Investors who balk at such valuations have other alternatives. One option is to go into unlisted companies, as a private equity investor. In 2012 the $5 billion London-based alternative asset management firm Duet Group invested $90 million for a majority stake in Ethiopia’s Dashen Brewery. Another is to buy shares in local independent companies, some of which are more cheaply valued than are the subsidiaries of international companies.

One such company is the Chinese state-owned enterprise Kweichow Moutai Co., which produces the local spirit baijiu. Its stock trades at a multiple of only 12 times earnings. Morgan Creek has exposure to the company through allocations to various fund managers. As a producer of spirits, Kweichow Moutai also offers a play on the luxury segment of the Chinese alcohol market. Some of its bottles retail for hundreds of dollars.

Such indulgence can pose a quandary, though. Many Chinese luxury companies are suffering from the crackdown on corruption launched by President Xi Jinping. Businesspeople have been known to send gifts of Kweichow Moutai liquor to government officials. Yusko believes the company has adapted well to the new environment, though, by broadening its distribution network to a wider number of outlets, which has supported sales by making the liquor more of an impulse buy for wealthy consumers. Kweichow Moutai’s stock is up some 20 percent up on the year.

Lange-Broussy holds stock in Tsingtao Brewery Co., which has a 20 percent share of the huge Chinese beer market. “Tsingtao seems attractive to us because it’s a pure play on a beer market with growing volume, and its margins have quite a lot of room to increase,” she says. At the moment, Tsingtao is keeping operating margins relatively low, at around 12 percent, to increase its market share, but Lange-Broussy believes the company could boost margins to 25 percent, on a par with margins of U.S. brewers.
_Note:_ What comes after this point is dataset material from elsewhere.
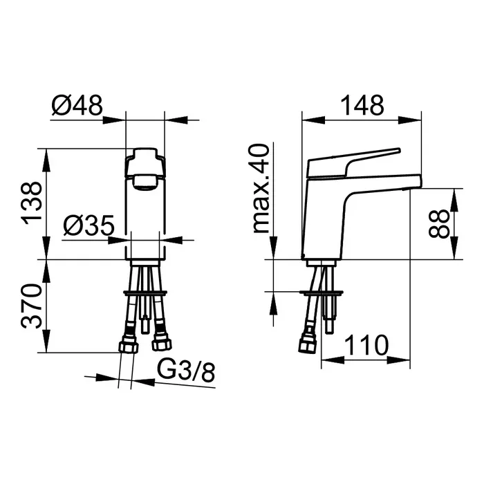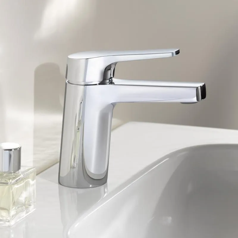 Без гарнитуры для слива и донного клапана, монтаж на одно отверстие с системой быстрого монтажа, керамический картридж, аэратор SLIM SSR M 24x1, угол наклона струи регулируется, гибкая подводка 435 мм G 3/8 дюйма. Поток воды ограничен 6 л/мин.
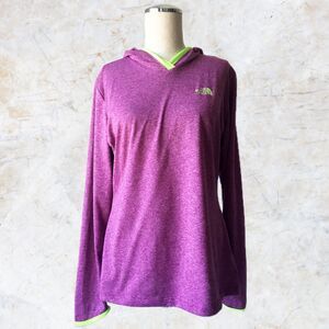 The North Face women's size Medium hoodie. Purple heather polyester pullover top is hooded with neon green lining and trim. Long sleeves with thumb holes. 100% Polyester, Machine Wash.

Some investors may prefer to go for well-established developed-market drink stocks with large developing-market presence, such as U.K.-headquartered Diageo. Its Africa, Eastern Europe and Turkey division is the strongest contributor to the company’s net sales growth.

Lange-Broussy acknowledges that for investors trying to tap into emerging-markets alcohol, there is a case for investing in a mixture of global stocks with a large emerging-markets presence and local emerging-markets stocks. On the other hand, “if you buy developed-market alcohol stocks, you’re investing in a mixture of faster and slower-growing markets.